CONTAINING LINKS TO 1280 STORIES FROM THE NETWORKS' NIGHTLY NEWSCASTS
     COMMENTS: Much Ado About a Dream

On the Democratic side, both NBC's Andrea Mitchell and CBS' Byron Pitts played catch-up with ABC's report by Kate Snow (embargoed link) on Friday about the introduction of racial history into the contest between Hillary Rodham Clinton and Barack Obama. The only explicit reference to race by either turned out to be a comment by Rodham Clinton to FOX News Channel concerning Martin Luther King last week. NBC's Mitchell replayed it: "Dr King's dream began to be realized when President Johnson passed the Civil Rights Act of 1964."

Her words amount to a thin straw on which to base a controversy. Admittedly, NBC's Mitchell is accurate when she offered the correction that "historians of the period say King deserves the lion's share of the credit"--but even that is a long way from finding Rodham Clinton to be in error. Then, Mitchell narrated, "instead of apologizing" Rodham Clinton "blamed the Obama Campaign for distorting her remarks." Obama responded by calling the distortion charge "ludicrous." CBS' Pitts sat down with Obama to ask why not stop the back and forth. "It is more back than forth. This is strategy on their part…We are sort of entering the silly season in politics right now." ABC's George Stephanopoulos saw both campaigns "trying to tamp down this racial debate. They thought it was hurting both of them.
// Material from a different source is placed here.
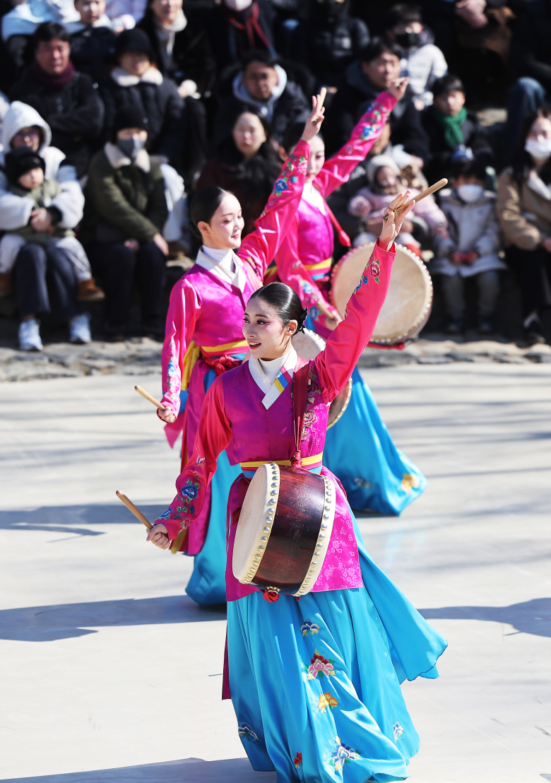 설 연휴 마지막 날인 18일 경기도 용인시 한국민속촌을 찾은 시민들이 삼도판굿 공연을 관람하고 있다. 연합

They essentially declared a ceasefire." The Democrats debate in Nevada Tuesday night on MSNBC. "People here are more concerned about jobs than political bickering about race," Pitts concluded.

NBC's Brian Williams, anchoring from Los Angeles, hit the nail on the head when he cited unidentified "cooler heads" in the Democratic Party who called the spat "much ado about very little." But, then, if they are correct, it was inflammatory for Williams to assign Andrea Mitchell to turn it into a story.